Understanding how the HTTP pipeline works is essential for building robust, performant applications. The pipeline manages retries for transient failures, handles authentication, provides logging capabilities, and enables you to add custom behavior when needed. This knowledge helps you debug performance issues, optimize resiliency, and customize your application's interaction with Azure services.
What is the HTTP pipeline?
The Azure SDK for Python uses an internal HTTP pipeline architecture to process all requests and responses. This pipeline consists of a series of policies that execute in sequence, each responsible for a specific aspect of the HTTP communication. Think of the pipeline as a chain of processing steps:
Client Request → Retry Policy → Authentication Policy → Logging Policy → HTTP Transport → Azure Service
↓
Client Response ← Retry Policy ← Authentication Policy ← Logging Policy ← HTTP Transport ← Response
Each policy in the pipeline can:
- Modify the request before it's sent
- Process the response after it's received
- Perform actions like retrying failed requests
- Add headers, log information, or implement custom logic
Key policies in the pipeline
The Azure SDK for Python includes several built-in policies that handle common scenarios:
- RetryPolicy: Automatically retries requests that fail due to transient errors. This policy implements intelligent retry logic with exponential backoff to avoid overwhelming services during outages.

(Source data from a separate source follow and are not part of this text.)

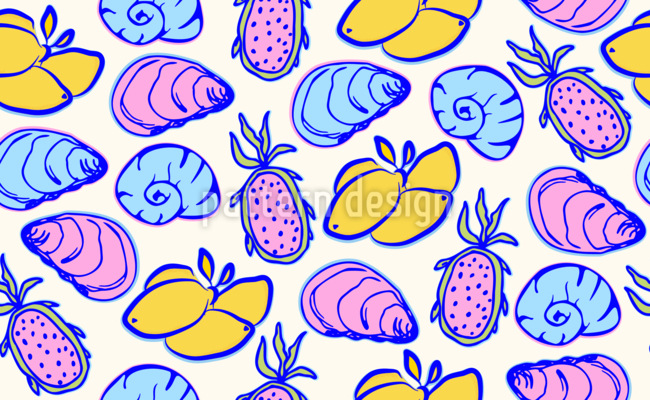 | Beskrivelse | Håndtegnet mønster med citroner, skaller og dragefrugt i kuglepen stil. | ||
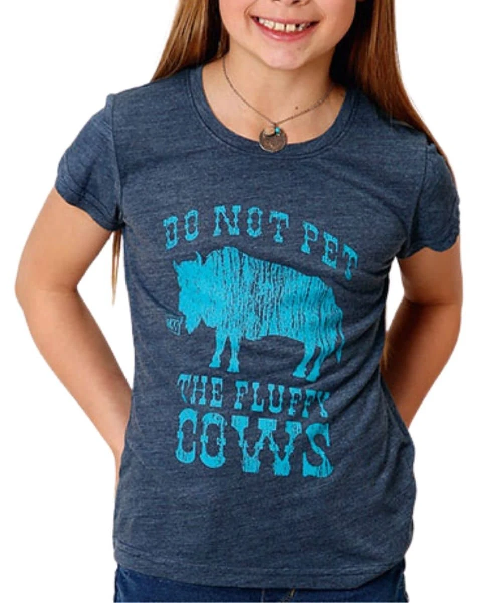 65% Polyester/35% Rayon; Jersey Knit Short Sleeve Tee; Scoop Neckline; Screen Printed Front Graphic Reads “Do Not Pet The Fluffy Cows”; Color: Blue; Style #03-009-0514-2050
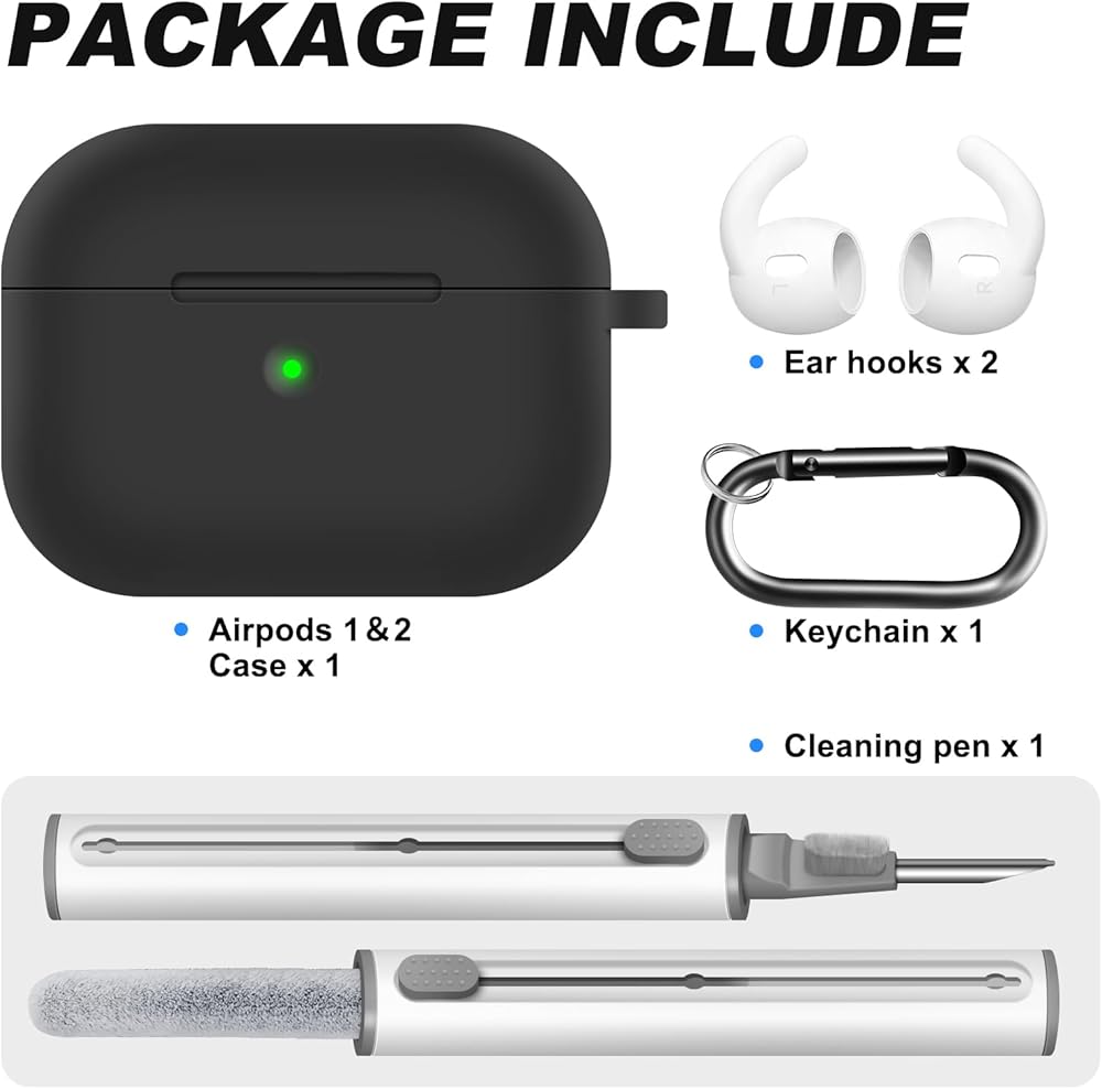 【The Package Include】 - ou will get 1 x Airpods case cover ,1 x portable carabiner , 1 x white cleaning pen and 2 pair of earhooks.You can hang in any place you like, and don't have to worry about Airpods losing.

- BearerTokenCredentialPolicy: Manages authentication by automatically acquiring and refreshing access tokens. This policy ensures your requests include valid authentication credentials without manual token management.
- NetworkTraceLoggingPolicy: Captures detailed information about HTTP requests and responses for debugging purposes. This policy is invaluable when troubleshooting communication issues.

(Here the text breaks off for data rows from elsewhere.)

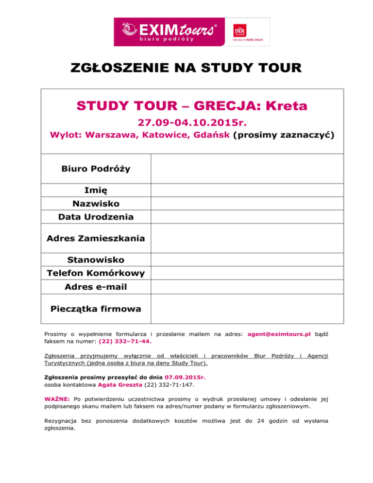 ZGŁOSZENIE NA STUDY TOUR STUDY TOUR – GRECJA: Kreta 27.09-04.10.2015r. Wylot: Warszawa, Katowice, Gdańsk (prosimy zaznaczyć) Biuro Podróży Imię Nazwisko Data Urodzenia Adres Zamieszkania Stanowisko Telefon Komórkowy Adres e-mail Pieczątka firmowa Prosimy o wypełnienie formularza i przesłanie mailem na adres: [email protected] bądź faksem na numer: (22) 332–71-44. Zgłoszenia przyjmujemy wyłącznie od właścicieli i pracowników Turystycznych (jedna osoba z biura na dany Study Tour). Biur Podróży i Agencji Zgłoszenia prosimy przesyłać do dnia 07.09.2015r. osoba kontaktowa Agata Greszta (22) 332-71-147. WAŻNE: Po potwierdzeniu uczestnictwa prosimy o wydruk przesłanej umowy i odesłanie jej podpisanego skanu mailem lub faksem na adres/numer podany w formularzu zgłoszeniowym. Rezygnacja bez ponoszenia dodatkowych kosztów możliwa jest do 24 godzin od wysłania zgłoszenia.
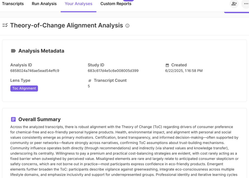 Go to the “Your Analyses” tab to view your completed analysis. With Qualz.ai’s Theory-of-Change Alignment Lens, you can assess how closely real participant narratives align with your strategic logic model, revealing aligned, emergent, and misaligned drivers across transcripts to refine program assumptions with evidence-backed clarity.
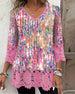 Skjorta avslappnad tryckt v-ringad kort ärm

- HttpTransport: The lowest layer of the pipeline that actually sends HTTP requests over the network. In the Azure SDK for Python, this is typically implemented using requests or aiohttp for asynchronous operations.
Additional policies
- RedirectPolicy: Handles HTTP redirects automatically
- DistributedTracingPolicy: Integrates with distributed tracing systems for monitoring
- ProxyPolicy: Routes requests through HTTP proxies when configured
- UserAgentPolicy: Adds SDK version information to request headers
Retry behavior
The Azure SDK for Python implements intelligent retry logic to handle transient failures automatically. Understanding this behavior helps you build more resilient applications.

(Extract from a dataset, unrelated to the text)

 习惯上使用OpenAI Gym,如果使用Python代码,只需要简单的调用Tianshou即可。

Automatically retried conditions
The SDK retries requests for these HTTP status codes:
- 408 Request Timeout: The server timed out waiting for the request
- 429 Too Many Requests: Rate limiting is in effect
- 500 Internal Server Error: Temporary server issue
- 502 Bad Gateway: Temporary network issue
- 503 Service Unavailable: Service temporarily unavailable
- 504 Gateway Timeout: Gateway or proxy timeout
Default retry configuration
The default retry settings provide a good balance between resilience and performance:
- Maximum retry attempts: 3
- Retry mode: Exponential backoff
- Base delay: 0.8 seconds
- Maximum delay: 60 seconds
- Maximum total retry time: 120 seconds
The exponential backoff calculation follows this pattern:
delay = min(base_delay * (2 ** retry_attempt), max_delay)
Customizing retries
You can customize retry behavior when creating SDK clients to match your application's specific requirements.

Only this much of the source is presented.